L’air sérieux. Petites lunettes en métal. Moustache et bouc fins bien taillés. Cheveux lissés vers l’arrière. Le directeur d’école, instituteur et père de famille de 45 ans présentait bien. Le cliché parfait. Des photos de lui ont commencé à circuler en 2015 quand sa face sombre petit à petit s’est révélée. Son pseudonyme sur internet ? « PedoMaster ». Vrai nom : Romain Farina. « Une affaire hors norme », résume l’adjudant Régis Villette, 44 ans, en jean, baskets et gourmette, au milieu des chemises bleues de son bâtiment du Pôle judiciaire de la gendarmerie nationale (PJGN) de Pontoise. Oui, l’affaire Farina, le patron du Centre national d’analyse des images de pédopornographie (CNAIP) s’en souvient. Et son acolyte, l’adjudant Jérôme Duhamel, aussi.
Elle éclate le 20 mars 2015. Ce jour-là, les parents de deux élèves de CP de l’école du Mas de La Raz, à Villefontaine, dans le nord de l’Isère, se rendent à la gendarmerie. Les enfants ont raconté que monsieur Farina, leur instituteur, organise des ateliers du goût. Mais au fond de sa classe, derrière un paravent. Les enfants ont les yeux bandés. Farina profite des séances pour leur imposer des fellations. Et les filmer. Perquisitions dans l’école et au domicile du directeur. Des images à caractère pédopornographique sont découvertes dans l’ordinateur familial. Farina est suspendu. Puis placé en détention provisoire pour « viols aggravés et agressions sexuelles sur mineurs ». Son passé aussi ressurgit. L’histoire d’un fiasco.
En 2001, quand Romain Farina entame sa carrière d’instituteur à Vénissieux, dans la banlieue de Lyon, une première plainte est déposée par les parents d’une enfant de 4 ans. Elle l’accuse de lui avoir « touché les fesses ». L’affaire, signalée à l’Éducation nationale, est classée sans suite par la justice. En juin 2008, il est cette fois condamné à six mois de prison avec sursis et obligation de soins pendant deux ans pour recel d’images pédopornographiques. Farina fait partie des soixante personnes signalées par les autorités allemandes à la justice française pour avoir consulté et téléchargé des images pédopornographiques sur un site coréen hébergé en Allemagne. Mais l’Éducation nationale n’en est pas informée par la justice. Et Farina récidive.

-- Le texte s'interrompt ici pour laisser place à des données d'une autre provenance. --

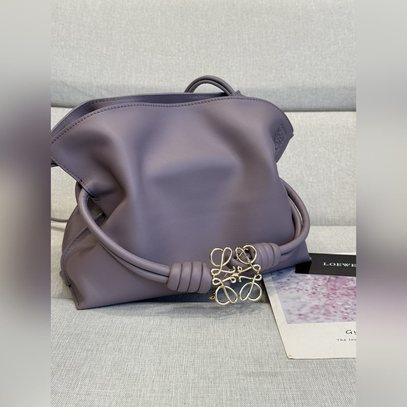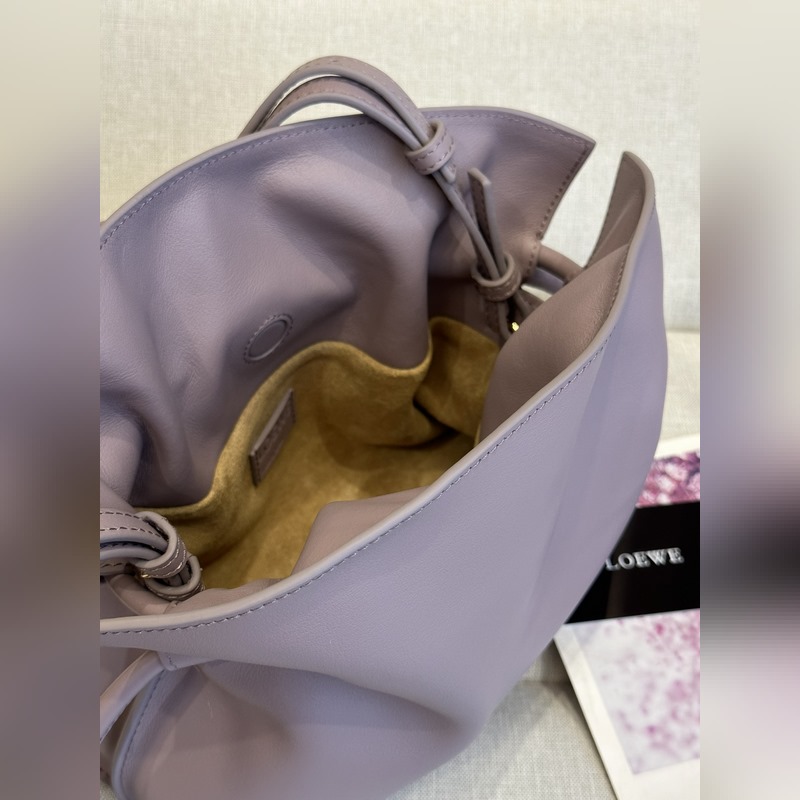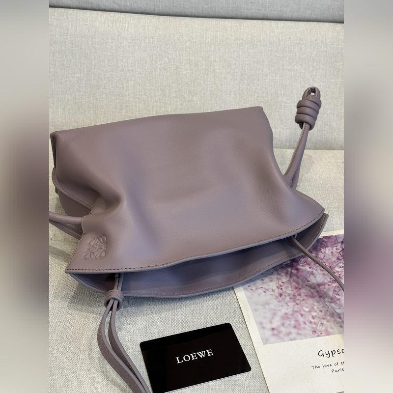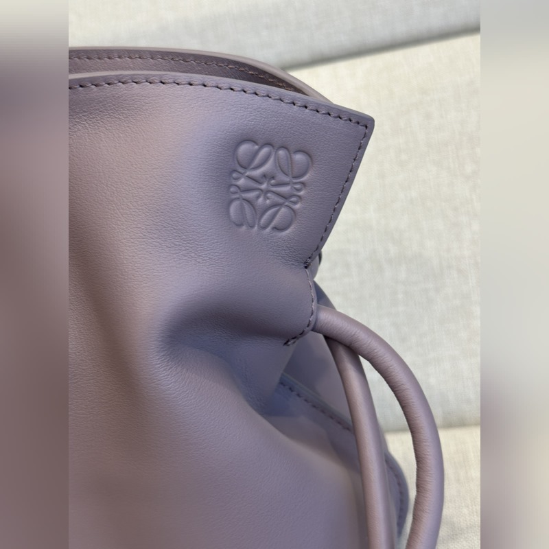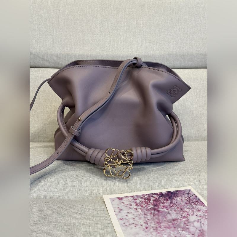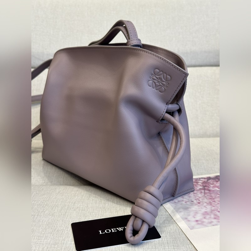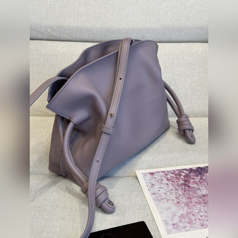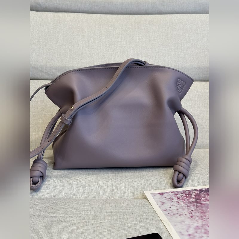 진짜 11046s 회색-보라색 금속 추가 주문 로에베 미니 플라멩코 매듭 가방으로도 알려져 있습니다. 부드럽고 고운 송아지 가죽으로 제작되었으며 조일 수 있는 끈과 상징적인 코일 매듭이 특징입니다. 어깨에 메거나 크로스 바디로 메거나 손에 들 수 있습니다. 탈부착 및 길이 조절이 가능한 어깨 스트랩. 자석 걸쇠 잠금. 스웨이드 소가죽 안감. 23-18-9cm
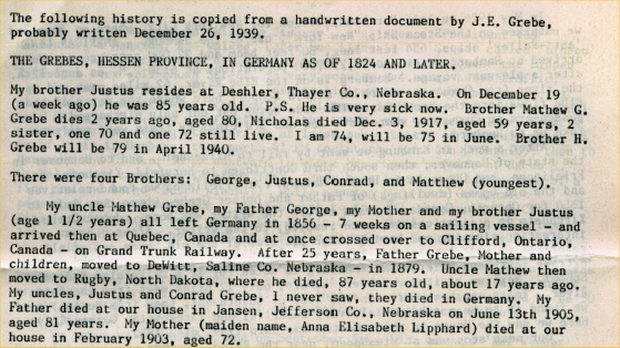 In Hope Church Cemetery, Jefferson County, Nebraska is ""George Grebe - April 14, 1824 -Jun 13, 1905, and "Frau von George Grebe - Anna Elisabeth Grebe - Jul 16, 1830 - Feb 21, 1903."
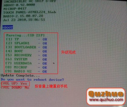 出現如上圖所示表示系統更新刷入成功,手動按音量上鍵進入系統即可。
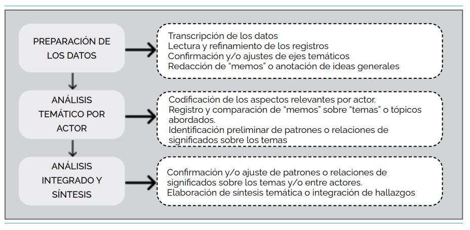 De acá se infiere que existiría una correspondencia entre el contenido de lo comunicado por cada actor y sus disposiciones subjetivas e intereses personales (Andreú, 2002; Flores, 2009). Aunque para el proceso de categorización se tuvo a la vista los criterios metodológicos de la Teoría Fundamentada (Glaser & Strauss, 1967; Strauss & Corbin, 2002), la operación concreta se tradujo en un análisis temático, es decir, en una secuencia de identificación, organización, análisis y formulación de patrones o temas a partir de la lectura y relectura de la información recogida, todo lo cual llevó a inferir resultados que, puestos en diálogo con la teoría, propician una comprensión/interpretación persuasiva del fenómeno en estudio (Braun & Clarke, 2006). A partir de este proceso sedimentaron las siguientes categorías, en la Tabla 3:
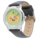 Kinder Edelstahluhr mit schwarzem Lederarmband
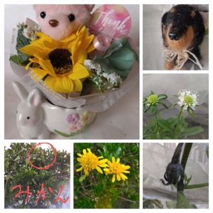pick No 2063 三回目のアカウント登録名ハジーで投稿して777を迎えて、どんな写真が出るかな?と昨日花友さんからチョッピリ圧力感じたけど 花パト早朝にして綺麗に咲いた花は無く😂タンスの上で飾ってる造花と 3年前にGSを止めた花友さんからハジーの写真だけを見て作成してくれたぬいぐるみをコラージュしてみましたょ 1⃣造花とハジー発泡スチロール植えプランター植えのスカオビオサの白い花🍆の実ベビー 裏手の🏡に咲いてる黄色い花と🍊の実 2⃣ 和綿の花もう直ぐ咲くかな? デュランタの実?種? 朝顔蕾 3⃣ ルコウソウの白色だけのプランター植えに蕾も白い🎶 もう直ぐ咲くかな? ルコウソウは有毒物質在ります、 犬、猫、子供は要注意 種子を含む、植物全てアルカロイドが含まれている ルコウソウ白色だけの種を春に購入出来ました年々ミックスされた種からは白色が翌年の分が採れなくなり、ネットショッピングから買えて良かった 別のプランター植えには赤色とピンク色が前年からのを蒔きました まだまだ咲かないけど😃 フウセンカズラを移植したら、弱ってしまった 来年以降花も種もみれないよー 🤣
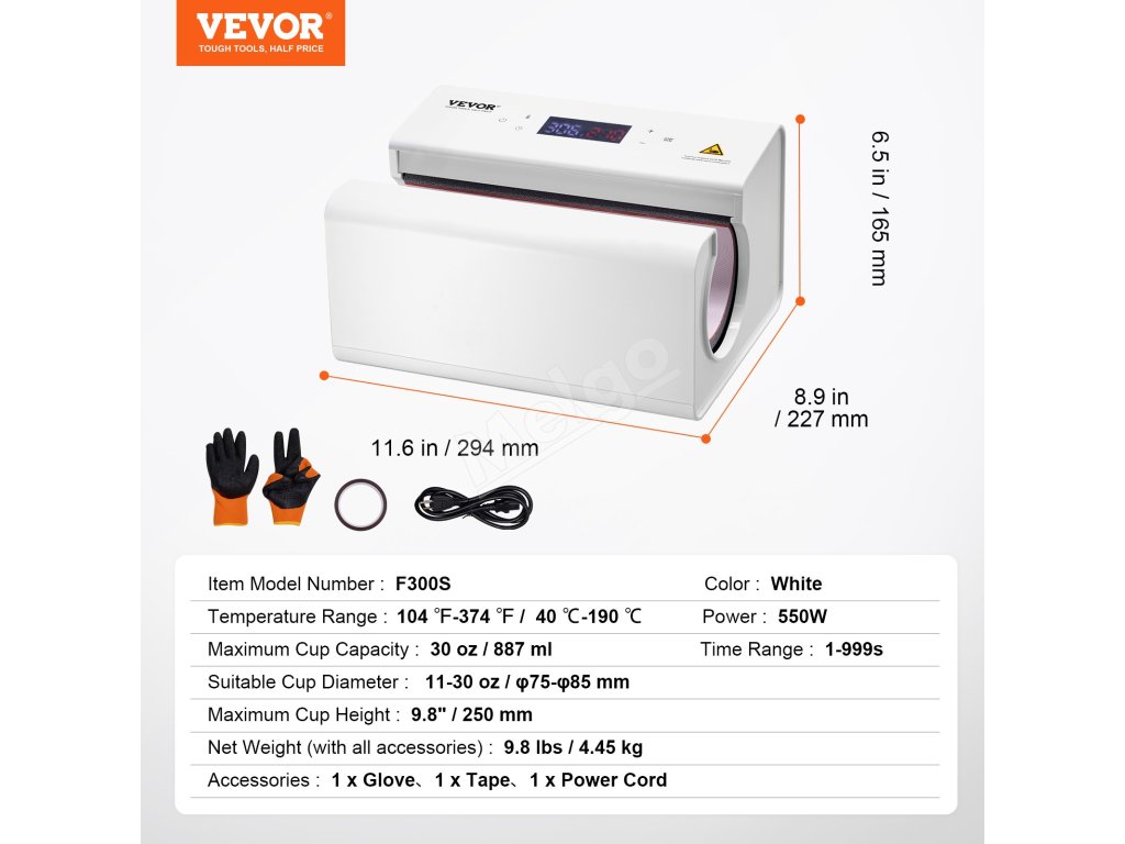 Automatický lis na sublimáciu termohrnčekov 311.8-850.5 g biely
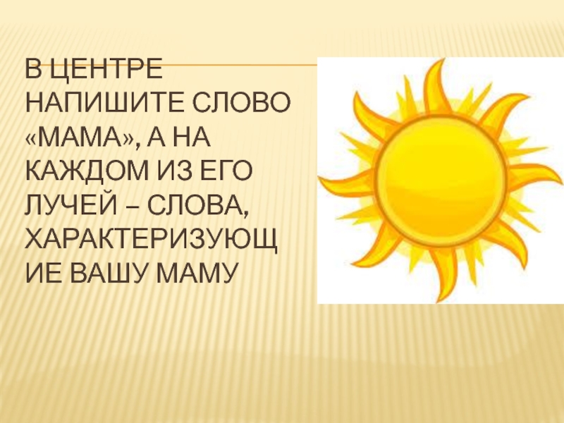 Слайд 8В центре напишите слово «мама», а на каждом из его лучей
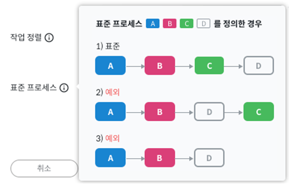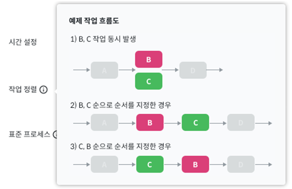 그 외에도 동일한 시간에 발생한 이벤트의 순서를 지정하는 작업 정렬과 표준 프로세스를 지정해 일치 여부를 진단하는 설정 등을 할 수 있습니다.
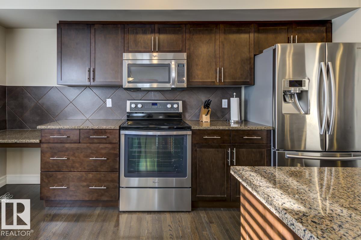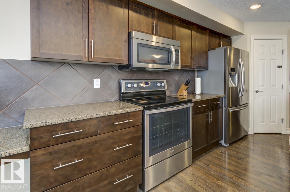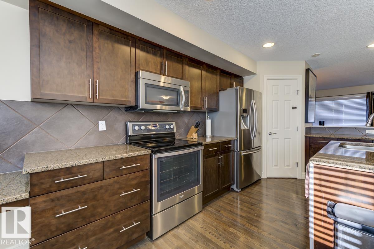 Welcome HOME! This spacious 3 bed 2.5 bath home in desirable Emerald Hills SHPK is one of the LARGEST floor plans in the complex and is in pristine condition! As you enter the main floor notice the gorgeous open concept layout & high-end quality finishings, hardwood floors, upgraded kitchen, stainless steel appliances, granite counters, large island, walk-in pantry, main floor laundry, and office nook! The living room is huge and features an oversized balcony to enjoy the fresh air and green space views as it faces the community garden & play areas. The upper level holds three great-sized bedrooms and the owner?s suite has a 3pc ensuite with large walk-in shower & an oversized closet. Other features include an OVERSIZED double attached garage WITH man door(there are only two like this in the complex!)easily fitting two vehicles + two motorbikes or storage. Do not miss the tankless hot water system. This well-maintained complex offers visitor parking and is close to all amenities! What are you waiting for?
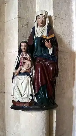 Statue « trinitaire » (figurant Jésus, sa mère Marie et sa grand-mère Anne) du XIVe siècle en bois polychrome, peinture d'origine.
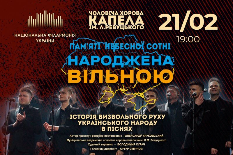 У програмі «Народжена вільною» ви почуєте пісні визвольного руху українського народу з XVI по XXI сторіччя.
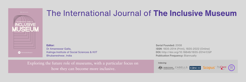 The International Journal of the Inclusive Museum is brought together by a shared concern for the future role of the museum and how it can become more inclusive. We seek to build an epistemic community to make linkages across disciplinary, geographic, and cultural boundaries. The journal is defined by our Research Network scope and concerns and motivated to build strategies for action framed by our shared themes and tensions.
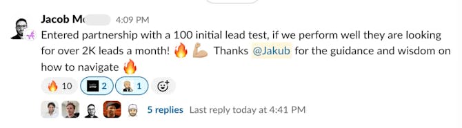Entered partnership with a 100 initial lead test, if we perform well, they are looking for over 2K leads a month!
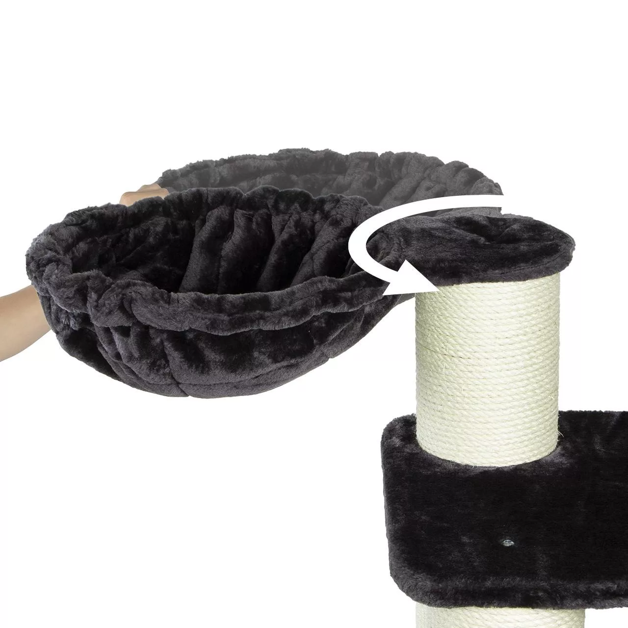The rotatable hammock is a special place for your cat to curl up and have a special snooze.
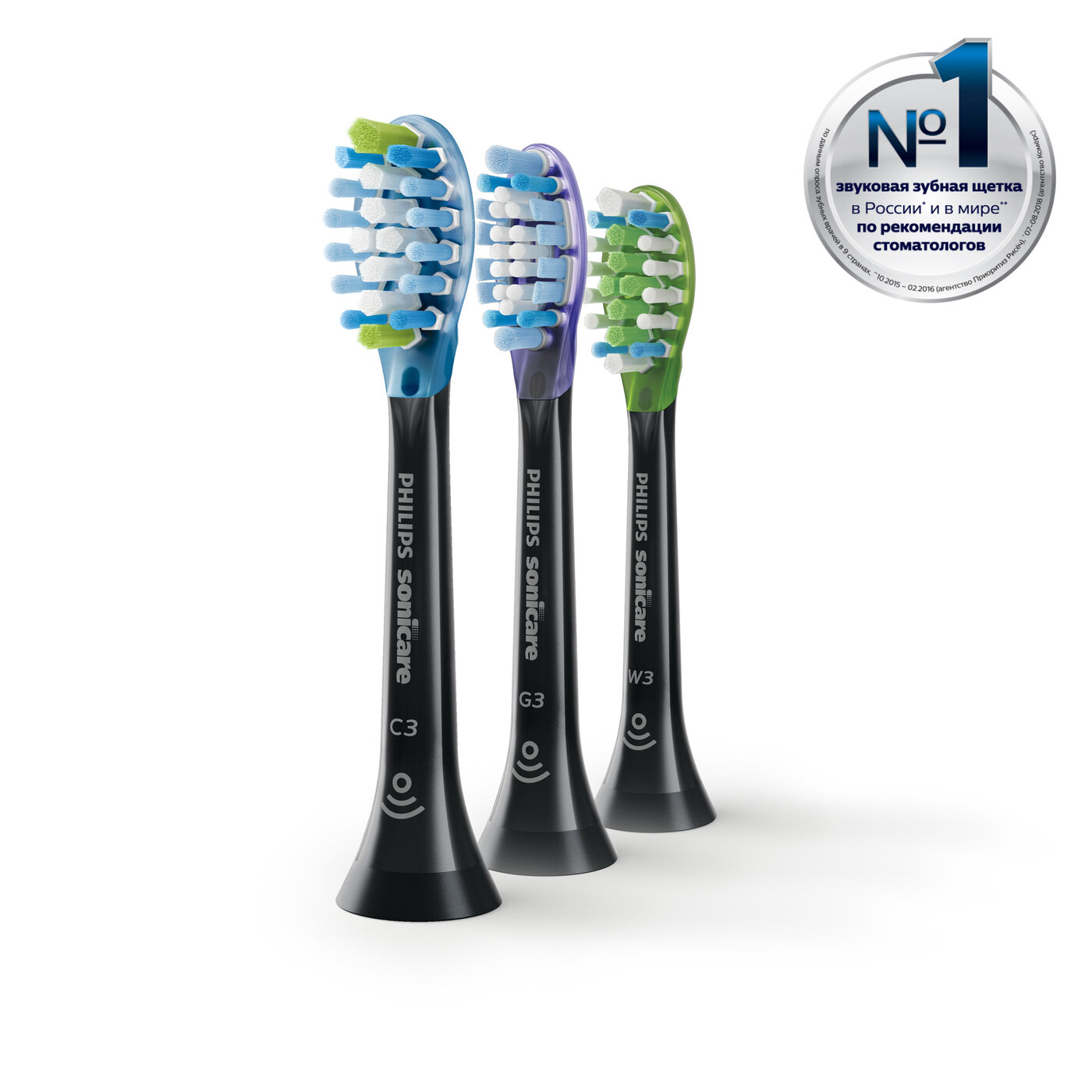 Набор насадок Philips Sonicare C3 Premium Plaque Defence HX9073/33 для ирригатора и звуковой щетки, черный, 3 шт.
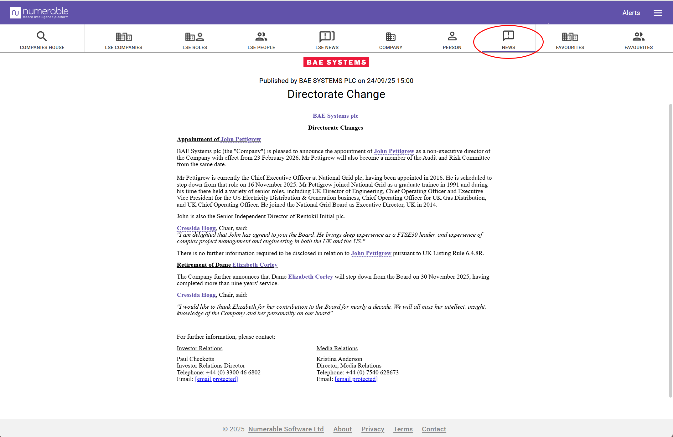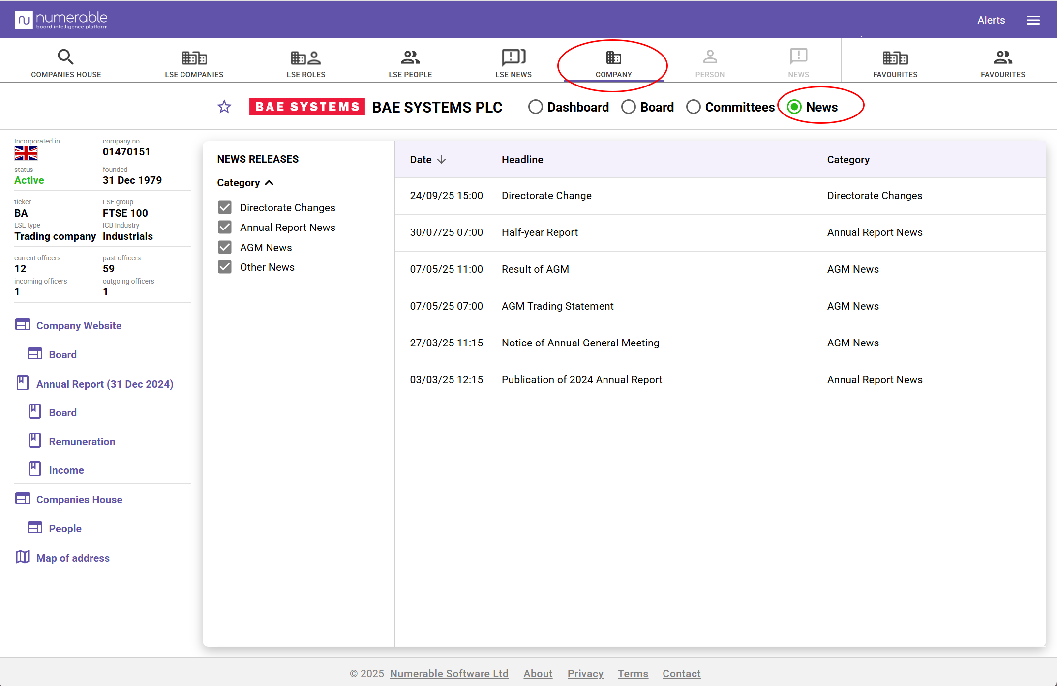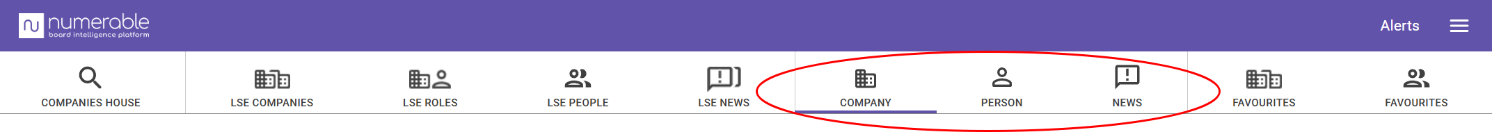 Detailed information on an individual company, person or news release is accessed through 3 tabs:

Combien d’enfants cet homme, qui a souvent demandé des mutations dans le Rhône et en Isère, a-t-il agressés ou violés ? Était-il en contact avec d’autres pédocriminels ? Faisait-il partie d’un gros réseau ? Qu’a-t-il planqué dans les entrailles de son disque dur ? Tandis que l’enquête de terrain de la brigade de recherches de la gendarmerie de Bourgoin-Jallieu laboure l’existence de l’instituteur, sa vie numérique va être épluchée jusque dans les moindres pixels.